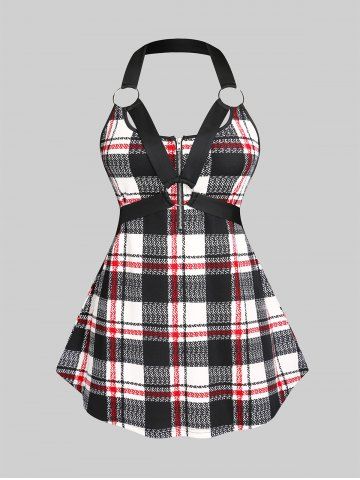 t*****s4Plus Size & Curve Gothic O Ring Harness Plaid Backless Tank TopColor: BLACK Size: M | US 10wow true to size. I got 2 med am 63k and 53 if I want can wear it as a dress so happy I got it u wont be disappointed
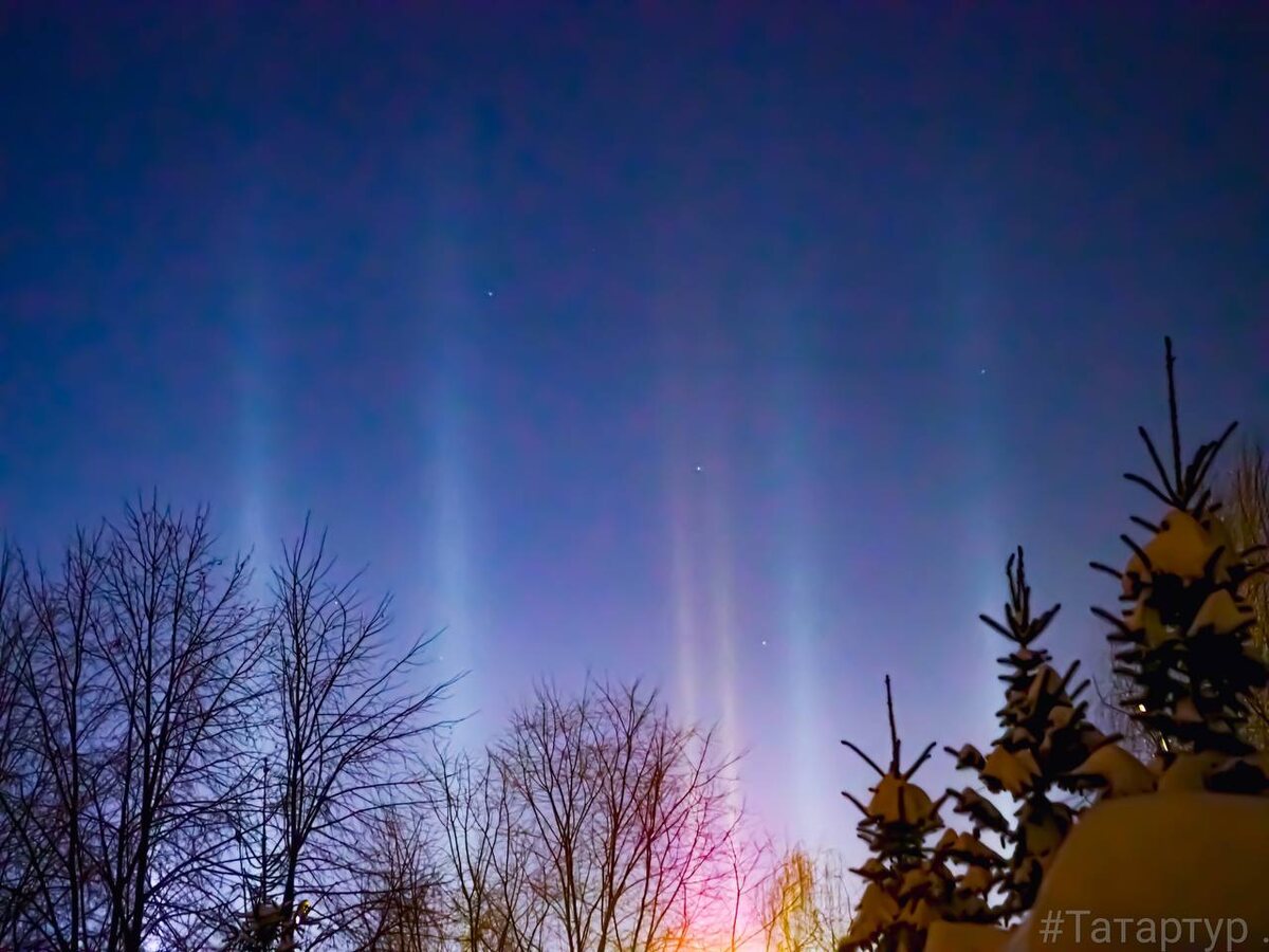 🌌 Световые столбы украсили ночное казанское небо
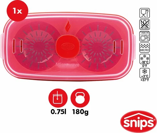 SNIPS® maakt gebruik van een speciaal materiaal dat betere organoleptische eigenschappen bezit en speciaal gemaakt is voor het koken in de magnetron: het geeft geen plastic smaak af en verandert de kwaliteit van het voedsel niet. Het weerstaat gemakkelijk langdurige hoge temperaturen.
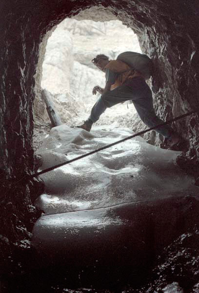 Al termine della galleria scavata dagli alpini nella grande guerra, per minare le postazioni Austriache.
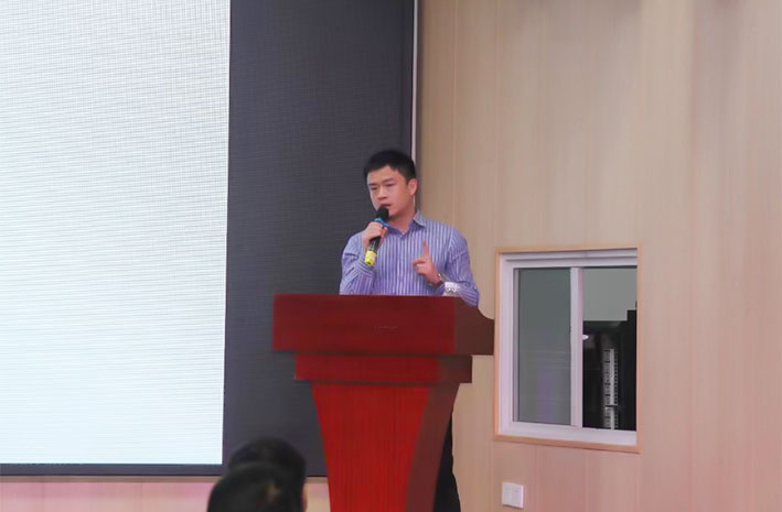 首先,由家的开关豫东河南省运营中心、河南三宝光电科技有限公司总经理李少华上台致辞。他向各位厂家代表、合作客户表示欢迎和感谢,继而他对公司的现状和发展规划进行了分享。
..............................
▸ **WHAT YOU WILL DO**: Set each line of the records down exactly, leaving every picture out.

▸ **REPLY**:
 t*****s4Plus Size & Curve Gothic O Ring Harness Plaid Backless Tank TopColor: BLACK Size: M | US 10wow true to size. I got 2 med am 63k and 53 if I want can wear it as a dress so happy I got it u wont be disappointed
 🌌 Световые столбы украсили ночное казанское небо
 SNIPS® maakt gebruik van een speciaal materiaal dat betere organoleptische eigenschappen bezit en speciaal gemaakt is voor het koken in de magnetron: het geeft geen plastic smaak af en verandert de kwaliteit van het voedsel niet. Het weerstaat gemakkelijk langdurige hoge temperaturen.
 Al termine della galleria scavata dagli alpini nella grande guerra, per minare le postazioni Austriache.
 首先,由家的开关豫东河南省运营中心、河南三宝光电科技有限公司总经理李少华上台致辞。他向各位厂家代表、合作客户表示欢迎和感谢,继而他对公司的现状和发展规划进行了分享。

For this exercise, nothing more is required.